Stetti zitta sbarrando gli occhi e abbassando lo sguardo, mentre lui si calmava scusandosi e Neji annuiva appena.

“… scusate… ma ormai i problemi di questo schifo di governo non mi riguardano più… la mia vita ormai è laggiù…”

“allora rimarrai…”

“si rimarrò lì…”

Lo guardai, mentre un sorriso triste mi si apriva sulle labbra carnose.

“ho visto troppe cose per abbandonare tutto adesso…”

“Lee tu sai che non puoi cambiare il mondo…”

“no Neji. Ma… hai mai sentito il detto tante gocce fanno un oceano? Bhè… se ognuno di noi mettesse la sua parte… molto poco… forse si salverebbero tutti…”

“Lee… nel Sudan c’è la guerra ormai da 40 anni… non saremo noi a cambiare la situazione…”

Strinse un pugno e sentii una morsa allo stomaco...Neji non continuò il discorso e mi avvicinai a Lee… lo vidi tremare di rabbia e lo strinsi forte, mentre lui si aggrappava a me.

“Tenten-chan… è successo un casino… sta andando tutto a puttane…”

com…?”

“è scoppiata una bomba una settimana fa a nord dal nostro villaggio… ci sono state evacuazioni… molti non ce l’hanno fatta… il dottore era ferito e…”

L’avevano scelto?

“ehi… calmati…”

Gli accarezzai i capelli e Neji andò in cucina lasciandoci soli.

“ohi… avanti… dimmi tutto…”

Lo staccai guardandolo negli occhi lucidi.

“Tenten-chan… il gruppo dove avevo operato mesi fa… quando mi avevano trasferito in Kenya… è arrivata la notizia ieri…”
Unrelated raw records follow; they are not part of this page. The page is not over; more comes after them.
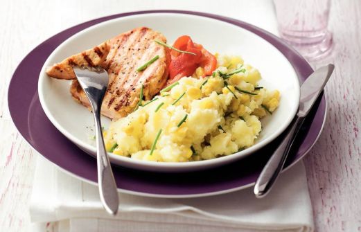 Ingrediënten 1 1/2 kg kruimige aardappelen (geschild en in stukken) 1 schaal filetlapjes (a la minute (400 g)) 2 eetlepels olijfolie 2 blikken maïskorrels ((3-pack, 3 x 198 g), uitgelekt) 1/2 bakje verse bieslook ((a 25 g), fijngesneden) 1/2 pot gegrilde papri [...]
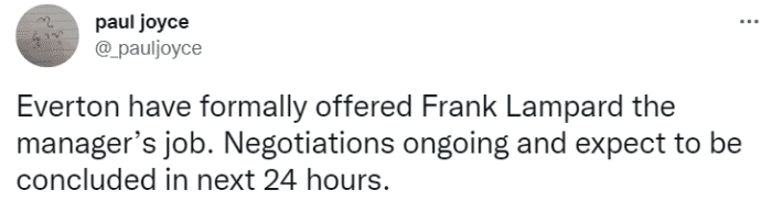 该记者表示,埃弗顿已经正式邀请兰帕德出任球队主帅,双方正在进行谈判,预计24小时之内就会官宣。
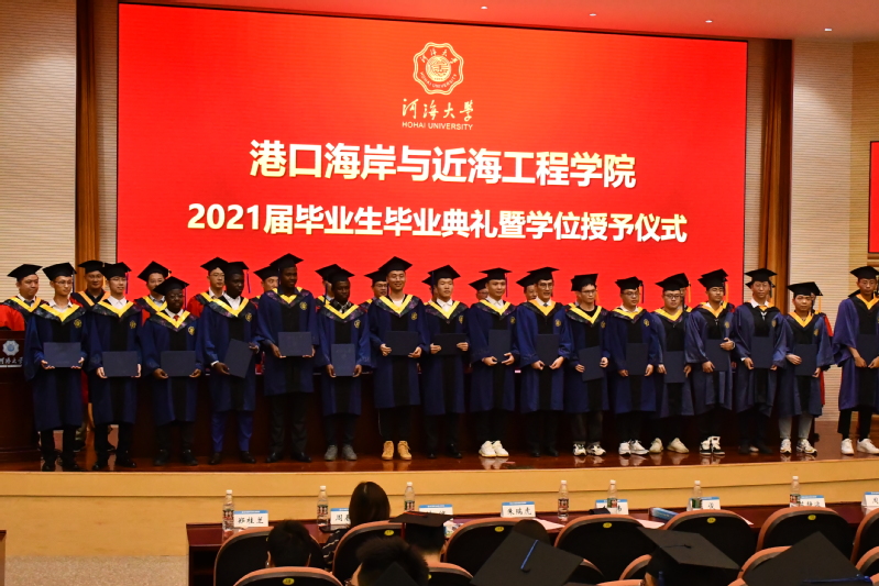 毕业生代表2018级硕士生冯辉同学通过回顾在河海经历的点滴成长与收获,表达了2021届全体毕业生对母校的依依惜别之情和对老师的崇高敬意,并表示新时代是奋斗者的时代,是青年的时代,生逢伟大时代,需全体毕业生以河海校训共勉,以实干担当为荣,成就更加开阔的人生。

Il suo sguardo era perso nel vuoto e poi prese lo zaino porgendomi un giornale rovinato.
Indagai con lo sguardo su tutta la pagina e quando trovai la scritta iniziai a leggere prima ad alta voce, poi, capendo, proseguii dentro di me mentre la gola si seccava inevitabilmente e le mani stringevano per la rabbia il foglio.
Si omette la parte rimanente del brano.